并行训练

Published:

基于 UltraScale Playbook 的一体化估算工具,可同时预测 LLM 训练中的参数量、FLOPs 和显存占用(GB):

你可以直接调 headshiddenseqlenbatch size,并切换混合精度、TP/DP/ZeRO。
显存结果按每卡统计,并统一使用 GB 展示。

DP,TP,PP 都比较常见,省略

Sequence Parallelism

部分的操作是tokenwise的,比如layernorm,residual,gelu等,这些操作可以被并行化。这样我们就可以把一个batch的token分配到多张卡上,从而实现token级别的并行。但是坏处是在attention时需要进行通信把激活值传递给其他卡,这样会导致通信开销增加。by the way, attention部分来自于激活的peak mem占用没有减少。这部分只有TP

ring attention

事实上也可以在seq维度对attention进行拆分, ring attention是一个非常经典的方案, 能够很好的计算通信重叠。并且能达到理论最大带宽。

主要的想法就是

\[O_i = A_i V = softmax(Q_i K^T/sqrt(d)) V = \sum_{j=0}^{N-1} softmax(Q_i K_{j}^T/sqrt(d)) V_{j}\]

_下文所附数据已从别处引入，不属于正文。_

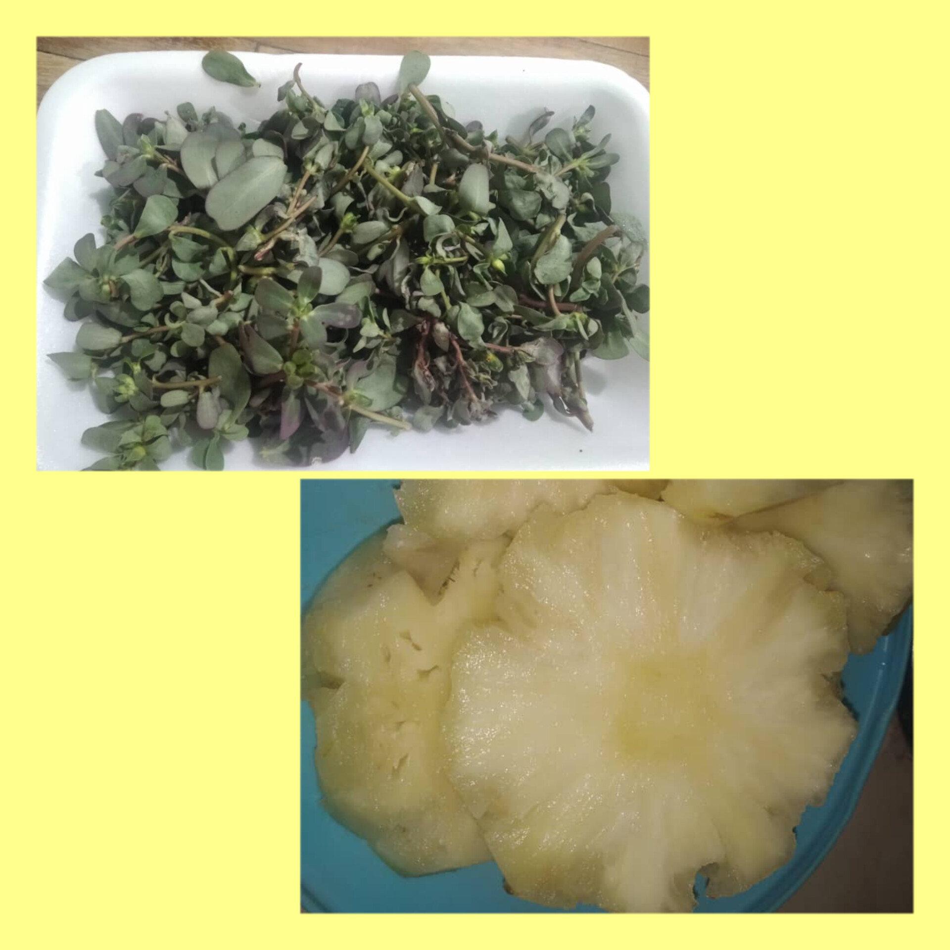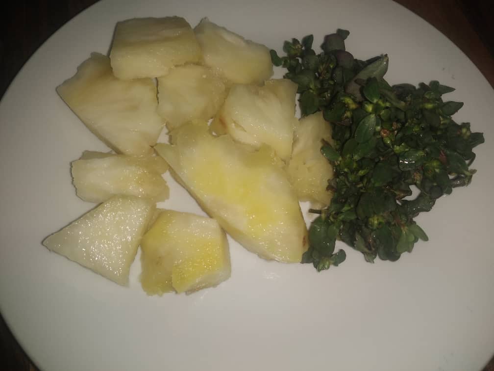 🍀 Luego de pelar la piña y lavar muy bien la Verdolaga vamos a picar en trozos para que sea más fácil licuar

注意这里的softmax是分块进行的, 而不是整个矩阵。因此需要不断的对softmax中的全局因子进行更新。为了简单起见,省略$sqrt(d)$因子。

核心就是来自于online的softmax merge。

W.l.o.g., suppose $O_i$ only has one row, (little subtle since in linear algebra the token dim is the colomn but in the context of attention it’s the row), then we can only get the block unnormalized attention scores $A_i^{(j)} = Q_i K_{j}^T$, which is a $1 \times \frac{N}{P}$ matrix.

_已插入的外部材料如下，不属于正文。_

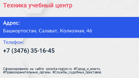 Техника, учебный центр по адресу Башкортостан, Салават, Колхозная, 46 в дальнейшем Организация, размещена в следующих категориях:

Recall the online softmax merge algorithm:

\[softmax(u_{:k})_i = \frac{e^{u_i - max(u_{:k})}}{\sum_{j=0}^{k} e^{u_j - max(u_{:k})}} = \frac{e^{u_i - max(u_{:k})}}{s_k}\] \[softmax(u_{:k+b})_i = \frac{e^{u_i - max(u_{:k+b})}}{\sum_{j=0}^{k+b} e^{u_j - max(u_{:k+b})}} = \frac{e^{u_i - max(u_{:k+b})}}{s_{k+b}} \\= \frac{e^{u_i - m_k} e^{m_k - m_{k+b}}}{s_k \times e^{m_{k} - m_{k+b}} + s_{k+b:k+b} \times e^{m_{k:k+b} - m_{k+b}}}\]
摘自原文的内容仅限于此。